What is expected: Could you retype the lines below, starting at the line holding "- Świeca imituje kwiat stokrotki" and stopping at the line holding "Metal Counter Stool", inclusive? Copy them exactly and drop the images.

Provided material:
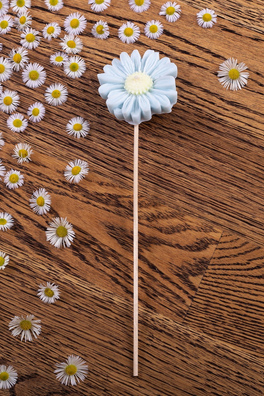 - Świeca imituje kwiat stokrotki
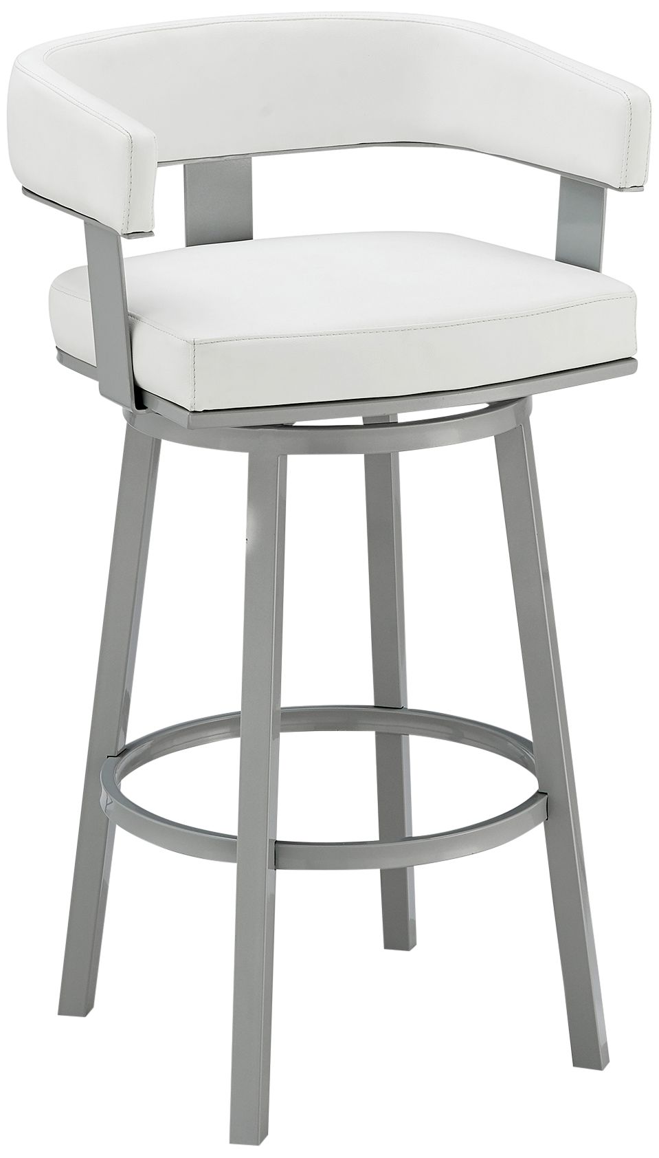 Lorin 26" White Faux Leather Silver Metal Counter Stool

...

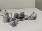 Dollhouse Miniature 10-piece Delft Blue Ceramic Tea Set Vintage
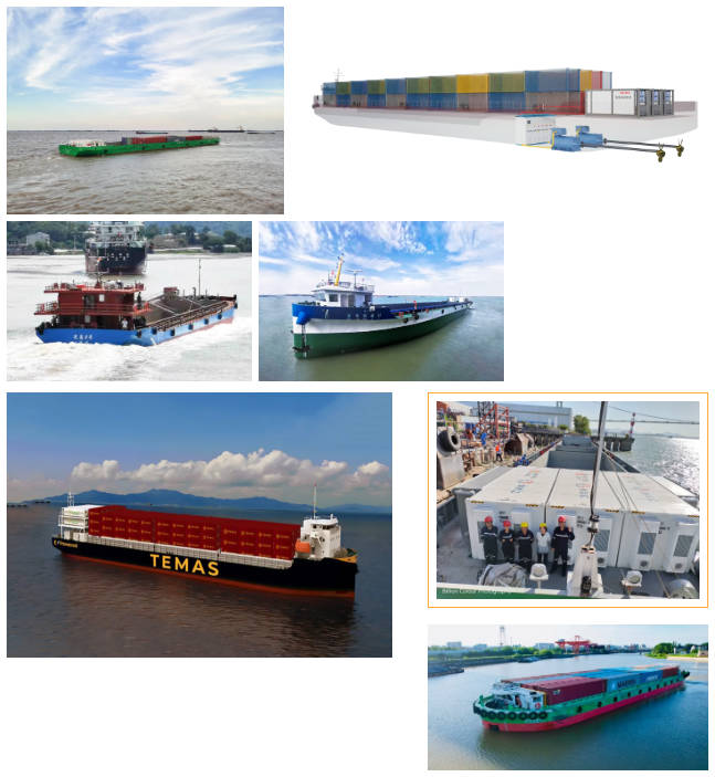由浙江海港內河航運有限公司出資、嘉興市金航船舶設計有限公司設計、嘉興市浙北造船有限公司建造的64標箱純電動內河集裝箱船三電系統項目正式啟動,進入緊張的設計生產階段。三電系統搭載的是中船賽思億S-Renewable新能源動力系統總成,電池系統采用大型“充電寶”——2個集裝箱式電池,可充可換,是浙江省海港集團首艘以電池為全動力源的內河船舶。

* * *

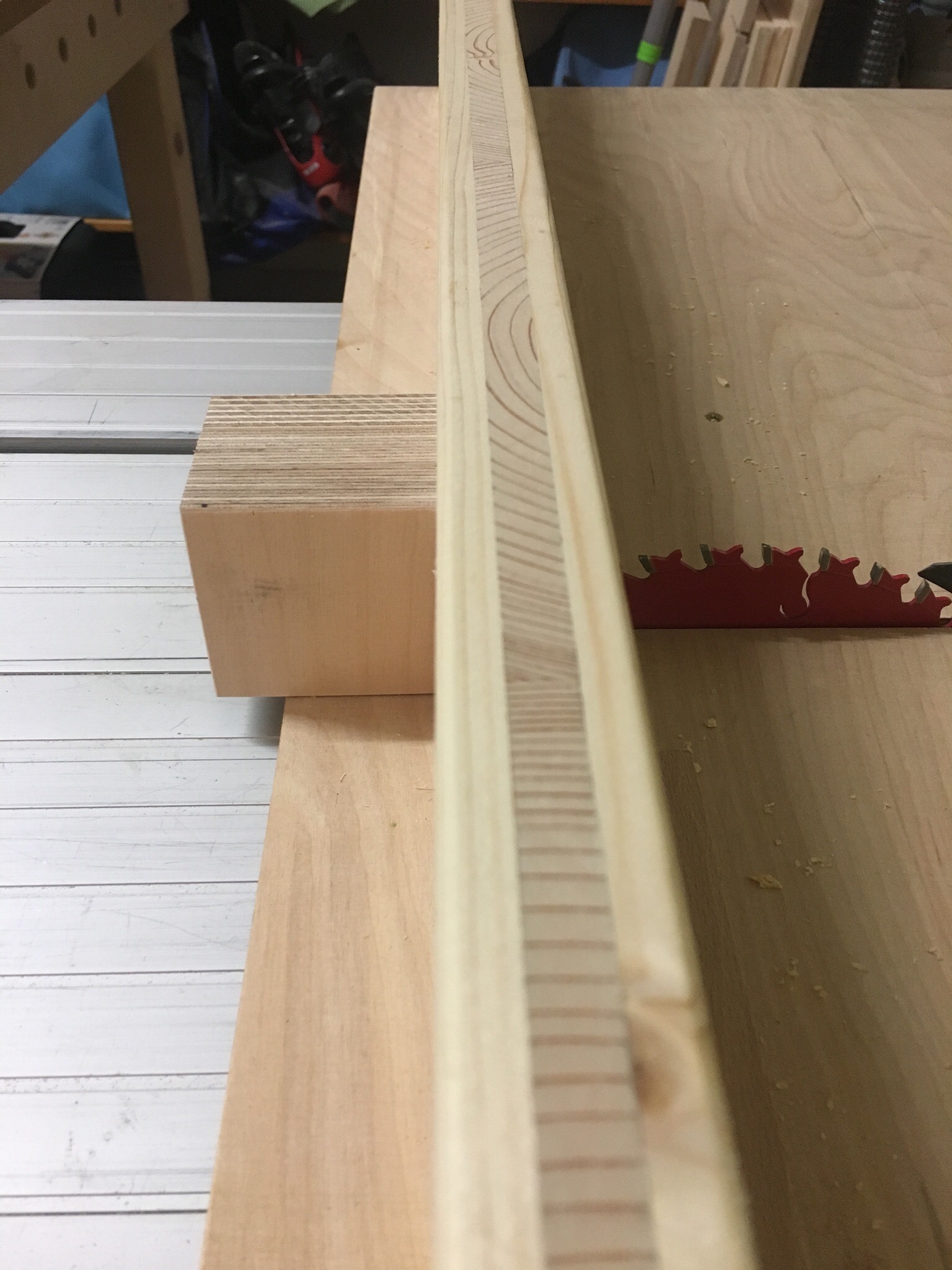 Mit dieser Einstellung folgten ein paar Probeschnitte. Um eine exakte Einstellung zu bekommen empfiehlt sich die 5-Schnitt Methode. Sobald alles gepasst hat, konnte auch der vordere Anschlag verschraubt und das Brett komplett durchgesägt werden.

Output for this exercise:
 - Świeca imituje kwiat stokrotki
 Lorin 26" White Faux Leather Silver Metal Counter Stool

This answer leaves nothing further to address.